Delayed Onset Paraplegia from Improper Seat Belt Use.
A 3-year-old boy was wearing a lap belt when the vehicle he was in struck a tree. In the Emergency
Department 2 hours after the accident he could walk, but complained of his left foot hurting. The
patient had a diagonal ecchymosis in the left upper quadrant of the abdomen (the
Seat Belt Sign). The following day the child could no longer bear weight on either leg. He had a flaccid bilateral
weakness of both legs. The lumbar spine series was normal. In the next 24 hours the paraparesis
worsened, his legs became "floppy," and he developed urinary incontinence. Some leg abduction,
but no adduction was present. There was no demonstrable use of the thigh flexors or extensors. He
had an L1-2 sensory level with no lower extremity reflexes. Lumbar MRI demonstrated no bony
abnormality or evidence of spinal cord infarction, contusion, epidural hematoma or other soft tissue
injury. After 9 months of rehabilitation therapy, the patient could bear weight with only a mild gait
impairment and persistent foot drop.

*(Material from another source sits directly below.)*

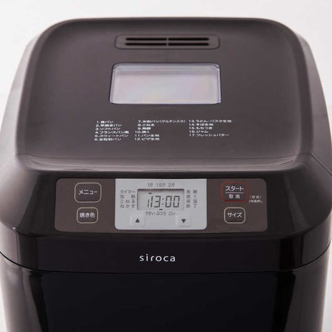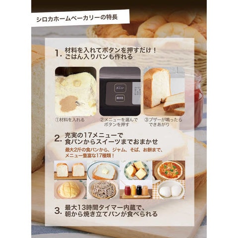 新しくなって、さらにおいしく。お蕎麦も作れるNewシロカベーカリー。自分好みの材料、発酵時間、焼き加減でオリジナルパンを作る…。美味しくできた時の喜び、うまくいかなかった時のちょっぴり悔しい気持ち、どちらも手づくりの良さであり、楽しさだ。そんな手づくりパンが、簡単手軽に楽しめる「sirocaホームベーカリー」が、さらに美味しく、からだにやさしいNewメニューも搭載してリニューアル。おいしい焼きたてパンの香りで目覚めるしあわせ、たっぷりご堪能あれ。*パン・お餅・そばなど充実の17メニュー搭載!*届いたその日から楽しめるオリジナルレシピブック付き*最大2斤対応!1斤・1.5斤・2斤の食パンが焼ける*タイマー付き!朝から焼き立てパン♪
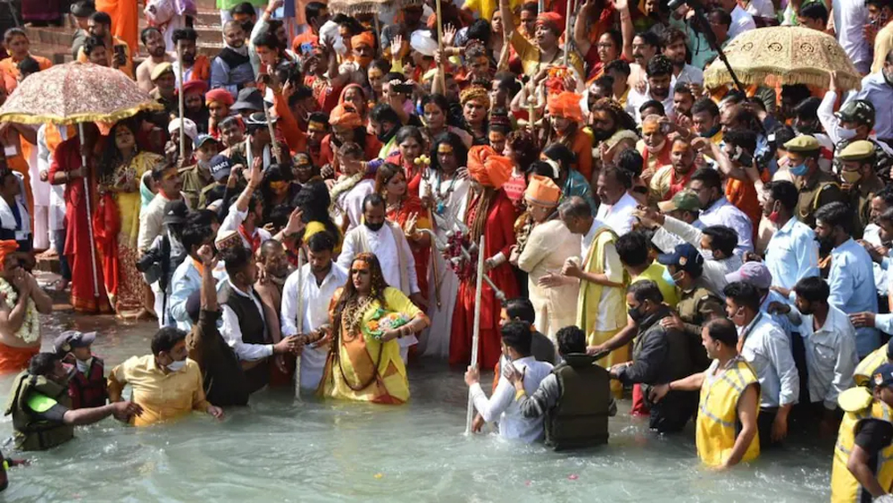 കൊറോണയുടെ പശ്ചാത്തലത്തിൽ കുംഭമേള ആരംഭിക്കുംമുന്നേ ഹരിദ്വാറിലെത്തി സ്‌നാനം നടത്തി മടങ്ങുന്നവരാണ് ഇത്തവ കൂടുതലെത്തുന്നത് . ഹരിദ്വാറിലെത്തിയ ഭക്തജനങ്ങളെ സംസ്ഥാന ഭരണകൂടം ഹെലികോപ്റ്ററിലൂടെ പുഷ്പവൃഷ്ടി നടത്തിയാണ് സ്വീകരിച്ചത്. ഏപ്രിൽ ഒന്നിനാണ് കുംഭമേള ആരംഭിക്കുന്നത്. അതിനു മുൻപായി നടക്കുന്ന മഹാശിവരാത്രി ദിനത്തിൽ ഗംഗാ സ്നാനം നടത്തുന്നത് വളരെ പവിത്രമായാണ് ഭക്തർ കണക്കാക്കുന്നത്. കൊറോണയുടെ സാഹചര്യം കണക്കിലെടുത്ത് കുംഭമേള ചടങ്ങുകൾ 30 ദിവസം കൊണ്ട് പൂർത്തിയാക്കാനാണ് തീരുമാനം. ആദ്ധ്യാത്മിക തീർത്ഥാടനത്തിന്റെ ഭാഗമായി ഹരിദ്വാറിൽ ഈ വർഷം നാല് ഷാഹി സ്‌നാനവും ഒൻപത് ഗംഗാ സ്‌നാനവും നടക്കും.

Ann Emerg Med
23:1123, 1994.
This is an example of a delayed onset SCIWORA Syndrome
, spinal cord injury without radiographic abnormality. The onset of neurologic symptoms is delayed in only a small percentage
of cases. The cause is unclear, but ischemia, direct compression from a spontaneously reducing
subluxation, traction, and a transient inward bulging of the ligamentum flavum during
hyperextension have been postulated. SCIWORA patients are highly susceptible to recurrent spinal
cord injury from even minor trauma. It is important to recognize occult spinal cord injuries quickly,
because the standard of care dictates consideration of high dose IV methylprednisolone sodium
succinate therapy. N Engl J Med 322:1405, 1990.